→ EXERCISE REQUIREMENTS
Look below for the line with "Chic Nike sneakers" and the line with "Dans la famille". Copy exactly those two lines and every line between, but not the pictures.

→ DATA TO PROCESS
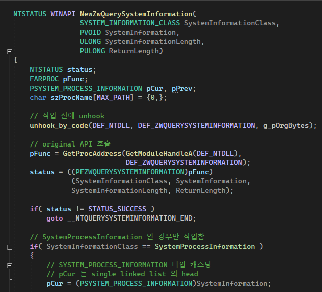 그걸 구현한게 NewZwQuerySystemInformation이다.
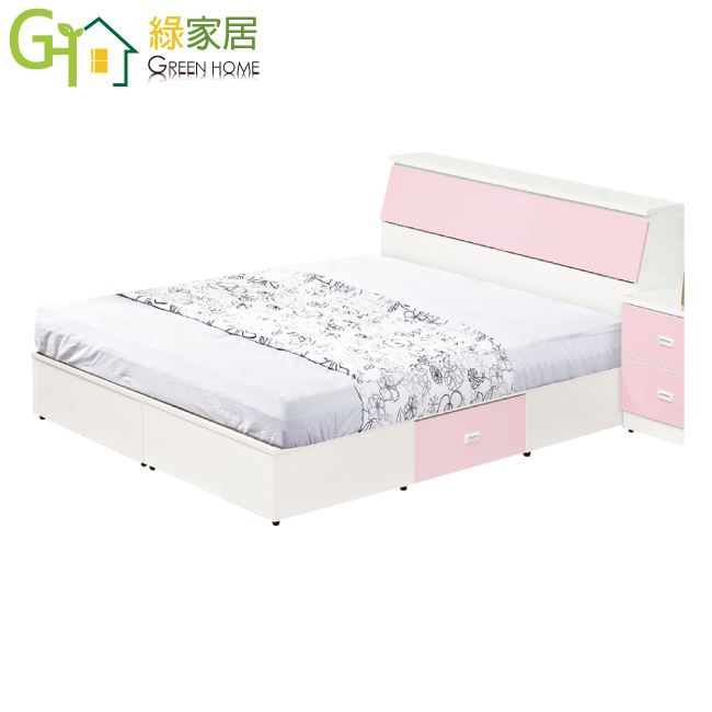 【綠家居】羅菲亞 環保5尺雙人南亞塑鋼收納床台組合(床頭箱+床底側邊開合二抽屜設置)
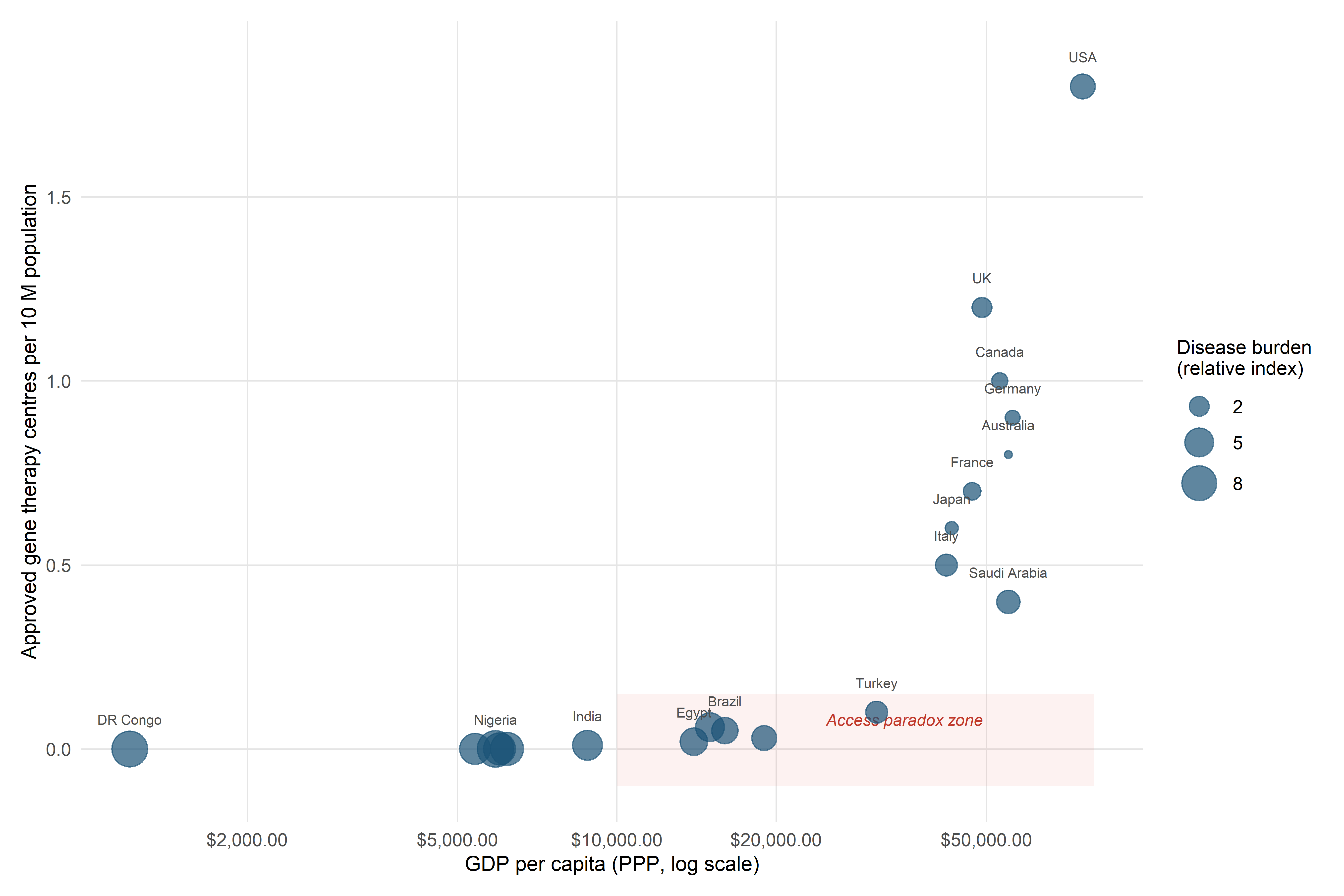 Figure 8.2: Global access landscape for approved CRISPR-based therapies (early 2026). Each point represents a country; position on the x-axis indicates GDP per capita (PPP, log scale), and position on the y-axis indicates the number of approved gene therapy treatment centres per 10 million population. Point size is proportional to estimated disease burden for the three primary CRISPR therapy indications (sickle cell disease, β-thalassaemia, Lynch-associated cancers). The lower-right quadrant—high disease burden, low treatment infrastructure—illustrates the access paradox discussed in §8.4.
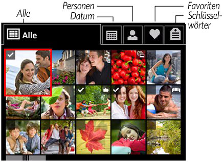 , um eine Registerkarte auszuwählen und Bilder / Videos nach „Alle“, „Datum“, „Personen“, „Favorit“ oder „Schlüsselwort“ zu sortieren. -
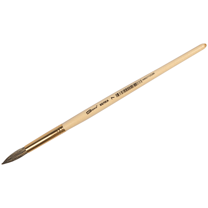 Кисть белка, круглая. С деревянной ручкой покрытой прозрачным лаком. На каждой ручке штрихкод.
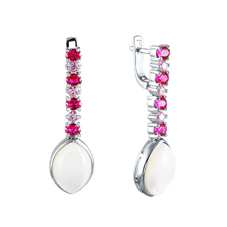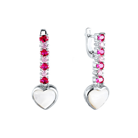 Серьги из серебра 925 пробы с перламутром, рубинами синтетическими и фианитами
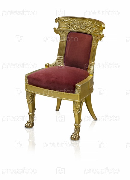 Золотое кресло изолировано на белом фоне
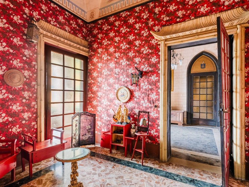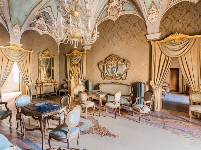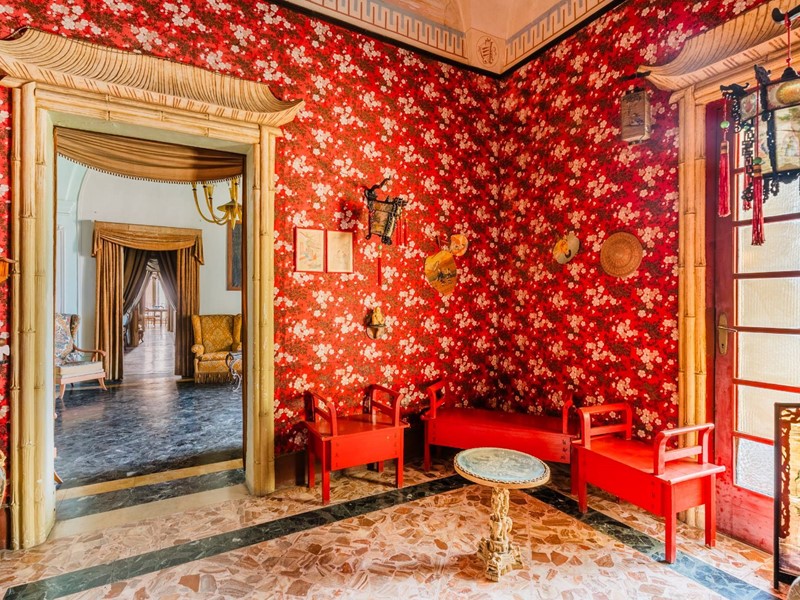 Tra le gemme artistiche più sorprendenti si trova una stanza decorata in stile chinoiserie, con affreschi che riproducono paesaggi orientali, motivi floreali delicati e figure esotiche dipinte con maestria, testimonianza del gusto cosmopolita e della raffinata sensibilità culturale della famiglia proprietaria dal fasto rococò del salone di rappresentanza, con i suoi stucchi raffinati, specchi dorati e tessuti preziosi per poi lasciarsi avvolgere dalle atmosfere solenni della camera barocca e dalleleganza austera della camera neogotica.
==
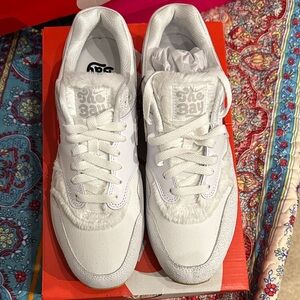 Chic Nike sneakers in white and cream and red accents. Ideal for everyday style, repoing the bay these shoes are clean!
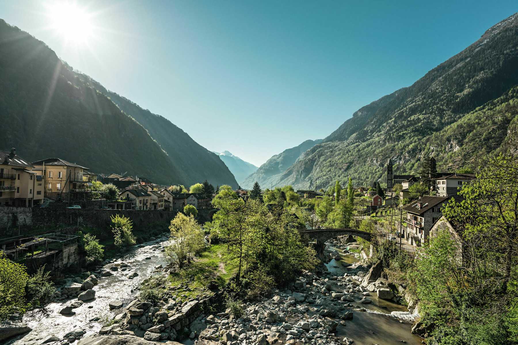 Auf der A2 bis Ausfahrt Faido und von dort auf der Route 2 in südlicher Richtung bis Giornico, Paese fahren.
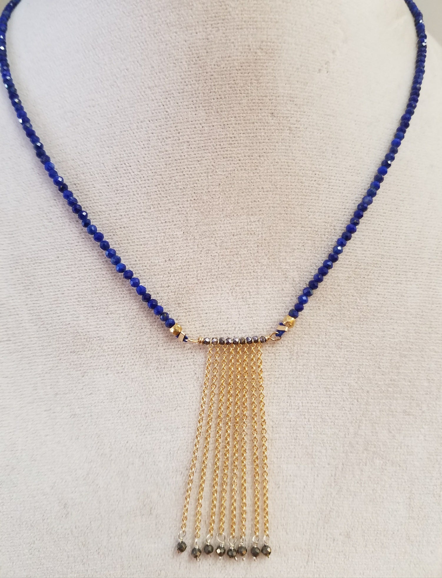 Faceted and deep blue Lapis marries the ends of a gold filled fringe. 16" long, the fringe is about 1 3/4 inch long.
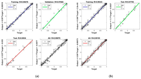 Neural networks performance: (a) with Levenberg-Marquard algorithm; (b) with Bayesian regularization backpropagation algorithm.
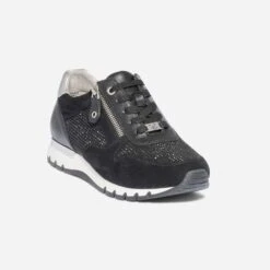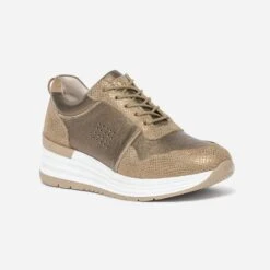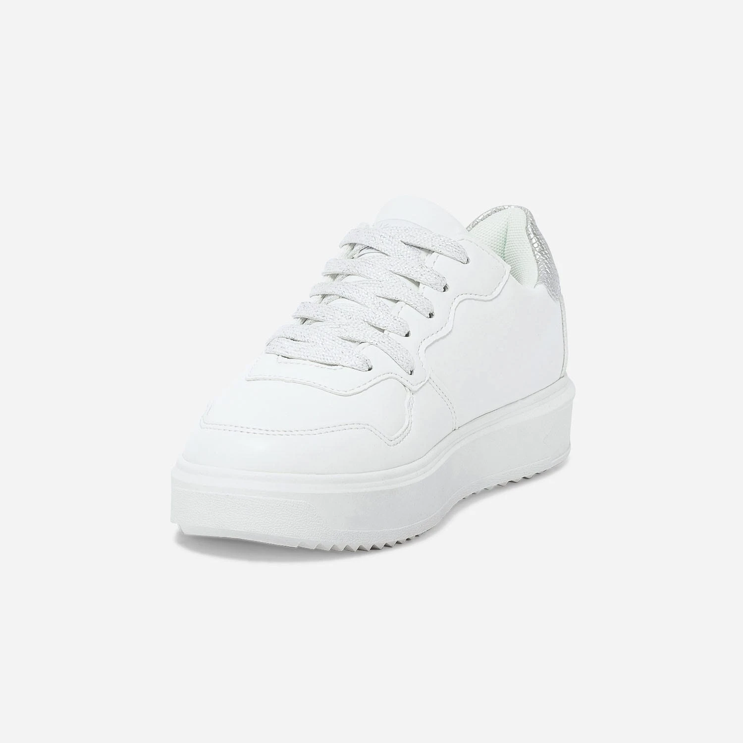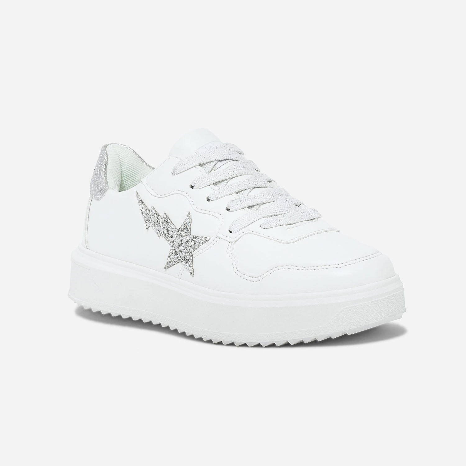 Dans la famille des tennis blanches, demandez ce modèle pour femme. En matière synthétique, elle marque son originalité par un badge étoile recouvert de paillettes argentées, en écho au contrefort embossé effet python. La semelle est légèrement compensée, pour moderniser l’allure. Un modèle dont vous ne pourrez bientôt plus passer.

→ TASK RESPONSE
 Chic Nike sneakers in white and cream and red accents. Ideal for everyday style, repoing the bay these shoes are clean!
 Auf der A2 bis Ausfahrt Faido und von dort auf der Route 2 in südlicher Richtung bis Giornico, Paese fahren.
 Faceted and deep blue Lapis marries the ends of a gold filled fringe. 16" long, the fringe is about 1 3/4 inch long.
 Neural networks performance: (a) with Levenberg-Marquard algorithm; (b) with Bayesian regularization backpropagation algorithm.
 Dans la famille des tennis blanches, demandez ce modèle pour femme. En matière synthétique, elle marque son originalité par un badge étoile recouvert de paillettes argentées, en écho au contrefort embossé effet python. La semelle est légèrement compensée, pour moderniser l’allure. Un modèle dont vous ne pourrez bientôt plus passer.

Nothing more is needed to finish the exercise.